Only the last step of patching--building the patch and replacing the page with it--requires a lock. We perform all earlier steps (indexing and lookups to find similar pages) without pausing any domains. Thus, the page contents may change after Difference Engine indexes the page, or after it makes an initial estimate of patch size. This is fine since the goal of these steps is to find pairs of pages that will likely patch well. An intervening page modification will not cause a correctness problem, only a patch that is larger than originally intended.

4.5 Compression

Compression operates similarly to patching--in both cases the goal is to replace a page with a shorter representation of the same data. The primary difference is that patching makes use of a reference page, while a compressed representation is self contained.

There is one important interaction between compression and patching: once we compress a page, the page can no longer be used as a reference for a later patched page. A naive implementation that compresses all non-identical pages as it goes along will almost entirely prevent page patches from being built. Compression of a page should be postponed at least until all pages have been checked for similarity against it. A complete cycle of a page sharing scan will identify similar pages, so a sufficient condition for compression is that no page should be compressed until a complete cycle of the page sharing code finishes. We make the definition of ``not accessed for an extended period'' in the clock algorithm coincide with this condition (state C4). As mentioned in Section 4.2, this is our default policy for page compression.

4.6 Paging Machine Memory

Recall that any memory freed by Difference Engine cannot be used reliably without supplementing main memory with secondary storage. That is, when the total allocated memory of all VMs exceeds the system memory capacity, some pages will have to be swapped to disk. Note that this ability to overcommit memory is useful in Xen independent of other Difference Engine functionality, and has been designed accordingly.

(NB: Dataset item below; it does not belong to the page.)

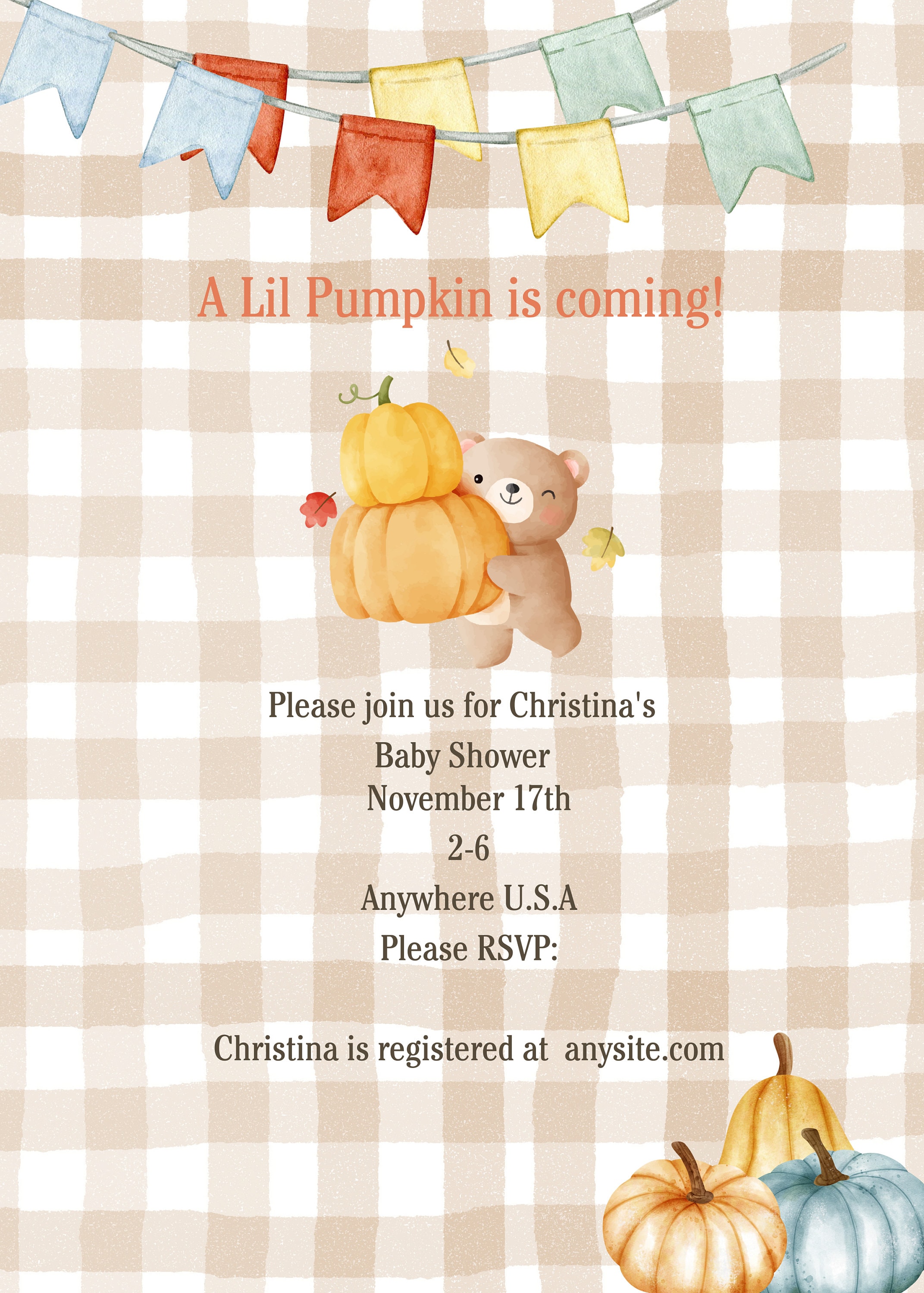 Celebrate the sweetest fall arrival with a customizable baby shower invitation that’s as cozy as autumn itself!

The Xen VMM does not perform any I/O (delegating all I/O to Domain-0) and is not aware of any devices. Thus, it is not possible to build swap support directly in the VMM. Further, since Difference Engine supports unmodified OSes, we cannot expect any support from the guest OS. Figure 3 shows the design of our swap implementation guided by these constraints. A single swap daemon (swapd) running as a user process in Domain-0 manages the swap space. For each VM in the system, swapd creates a separate thread to handle swap-in requests. Swapping out is initiated by swapd, when one of the following occurs:

**Figure 3:** Architecture of the swap mechanism.
$\includegraphics[width=2in]{figures/swap-arch.eps}$

Note that swapd always treats a swap-out request as a hint. It will try to free pages, but if that is not possible--if no suitable candidate page was available, for instance, or if the swap space became full--it continues silently. A single flat file of configurable size is used as storage for the swap space.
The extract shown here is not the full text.